To resolve the issue of the birth of a child alive or dead, it is necessary histological examination: in lung tissue in stillborns, the alveolar epithelium has a cubic shape; alveoli collapsed or partly straightened in the form of cracks, contain amniotic fluid; interalveolar septa are thickened; elastic fibers are tortuous, arranged randomly in the form of thick bundles; reticular fibers are dense, tortuous, braiding the alveoli from all sides; the lumen of the bronchioles are star-shaped. In live births, the alveolar epithelium is flattened, the alveoli themselves are round in shape with clearly visible gaps; interalveolar septa thin; elastic fibers are located around the circumference of the alveoli in the composition of thin bundles, not crimped; reticular fibers form the "argyrophilic membrane"; bronchioles have an oval or round lumen. An indicator of live birth is hyaline membranes in the alveoli, which does not happen in the lungs of stillborns.

The samples of Galen and Breslau are positive after resuscitation of a child who did not breathe on his own, as well as with putrefactive changes in the corpse of such a child.
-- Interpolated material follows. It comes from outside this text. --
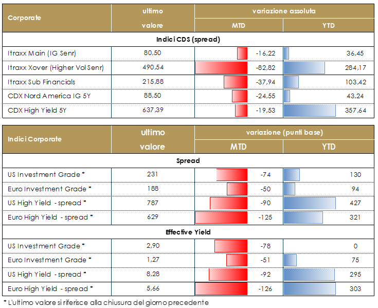 MERCATI DEI TITOLI CORPORATE Una settimana corta dominata dal newsflow delle banche centrali che confermano il supporto diretto e indiretto al mercato corporate che chiude con una direzionalità contenuta e con buoni flussi su cash a fronte di un primario ancora contenuto. Gli indici CDS Itraxx Xover e Main in Europa rispettivamente su Hy e Ig, hanno fatto segnare -10 e -2 bp di restringimento, mentre in Us la performance è stata più positiva con il miglioramento delle condizioni sul settore energy in buon recupero con CDX IG a -5 e HY a -40. Sul mercato secondario da segnalare i buoni flussi In acquisto che hanno permesso alla settimana di far registrare una buona performance e una volatilita’ molto contenuta sensibilmente inferiore alle precedenti.Anche il mercato primario ha vissuto una fase piuttosto limitata con emissioni su Corporate double tranche per Pernod Ricard, Pepsi Co e Heineken mentre su finanziari Santander e Rabobank e Credit Mutuel Arkea. A cura del team obbligazionario di Mediobanca SGR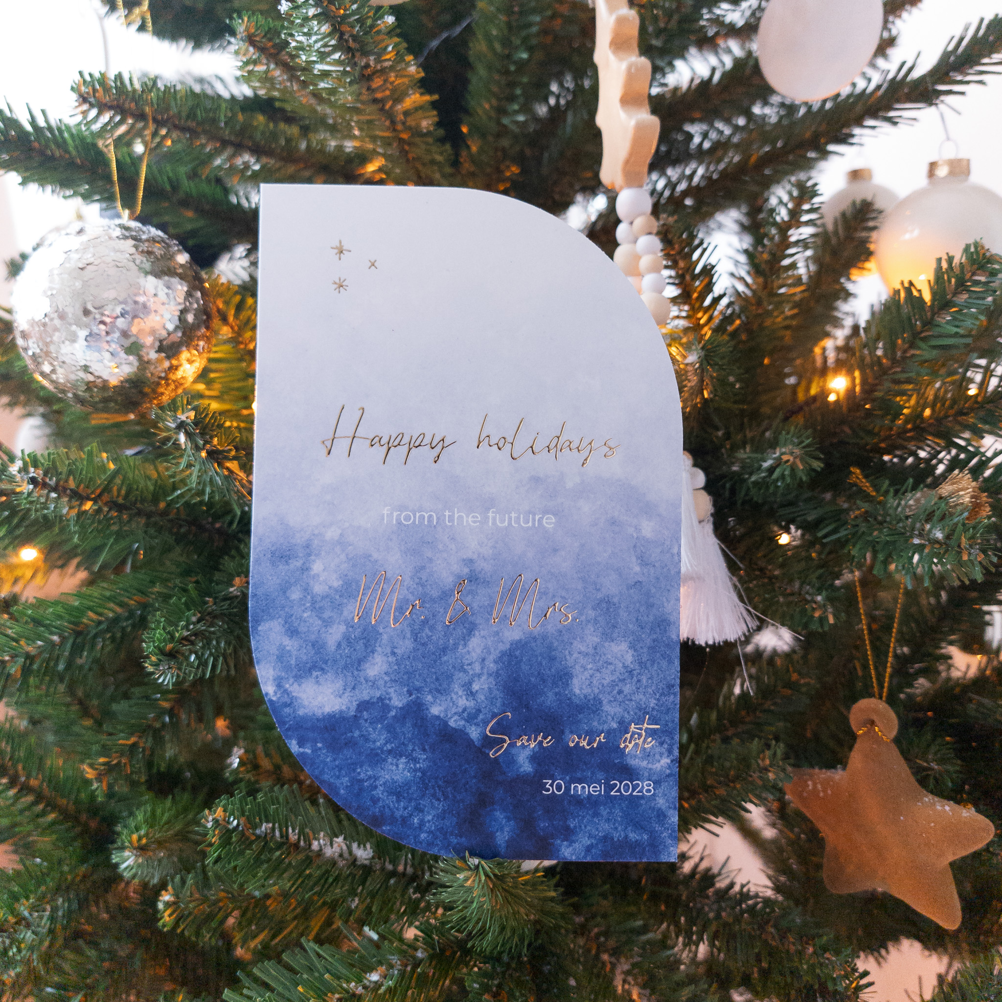 Kerst save the date donkerblauwe watercolor met goudfolie

However, a histological examination of the lungs in such cases makes it possible to clearly determine the fact of stillbirth: during artificial respiration to a stillborn, the alveoli are mostly collapsed, and some are expanded and torn, as in acute emphysema; with putrefactive changes, the structure of the lung tissue does not differentiate, putrefactive gases form bubbles in the interalveolar septa.

Additional information can be provided histological examination of other tissues, as well as radiological, biochemical and other methods: on microscopic examination, the umbilical arteries in stillborns are not reduced, unlike in living children; radiographs of the chest of corpses indicate the former breathing, when air evenly fills the airways to small bronchi, at least in separate fragments of the lungs, on the survey radiographs of the corpse, the filling of the stomach and intestines with air is well observed; determination of the percentage of albumins and globulins in the blood serum is a differentiating sign of still and live births.
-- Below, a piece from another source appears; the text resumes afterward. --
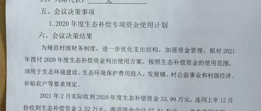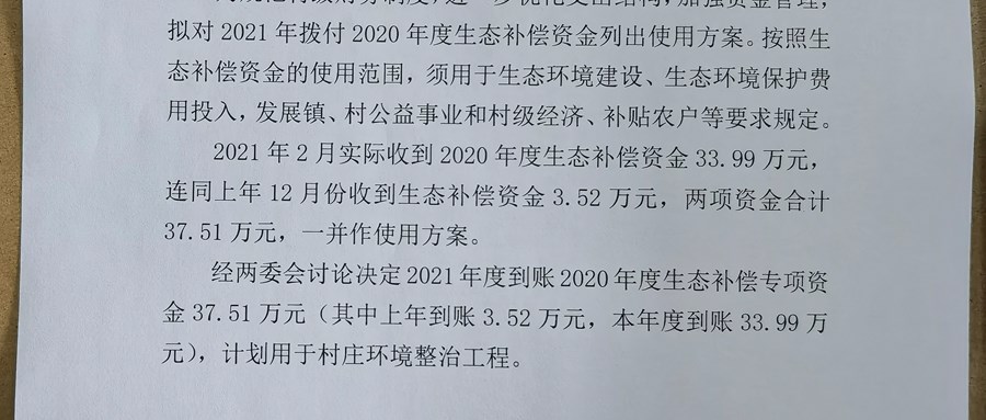 2021年2月收到2020年度生态补偿资金33.99万元,连同2020年12月份收到生态补偿资金3.52万元,两项资金合计37.51万元,一并作使用方案。经两委会讨论决定2021年度到账2020年度生态补偿专项资金37.51万元(其中上年到账3.52万元,本年度到账33.99万元),计划用于村庄环境整治工程。

21. The concepts of newborn, full-term, viability, maturity in forensic terms, morphological features. The concept of "infanticide".

newborn - the period from the first breath of a child to 28 days of his life (previously, in the SM definitions, the neonatal period was calculated as the first day after birth). In the SME, if there is reliable data on the life span of the child (first of all, medical documents indicating the time of birth and life span), he is considered a newborn under the age of 28 days of life; in the absence of documentary data on the age of the child, the child is considered a newborn only if there are signs of a recent birth (in fact, the first few days of life).
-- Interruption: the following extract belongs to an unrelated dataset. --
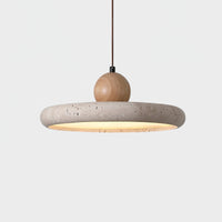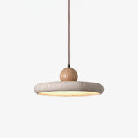 Aethell | Modern Circular Travertine Stone And Wood Pendant Light

Newborn signs: 1) the presence of blood and cheese-like lubricant on the skin 2) a birth tumor 3) the remains of the umbilical cord and placenta 4) traces of meconium (original feces) on the skin and in the intestines 5) the absence of food in the stomach and intestines 6) local atelectasis of the lungs.

full-term pregnancy- a pregnancy that ended in childbirth at a period of 37 to 42 completed weeks (259-293 days). A baby born between 28 and 37 weeks is considered premature, and a baby born before 28 weeks is considered a miscarriage. Postterm pregnancy is considered to be more than 42 weeks.

Maturity- optimal functional and morphological development of organs and tissues of a newborn, corresponding to the gestational age of a full-term baby. The latter may have signs of immaturity, when certain morphological and functional indicators correspond to earlier periods of intrauterine development.

Maturity indicators:

1) body length not less than 45 cm and weight not less than 2500 g.

2) the length of the parietal bone diagonally in a mature newborn child is 7.6 cm, the diameter of the Beclery nuclei (the ossification zone in the lower epiphysis of the thigh) is at least 0.5 cm.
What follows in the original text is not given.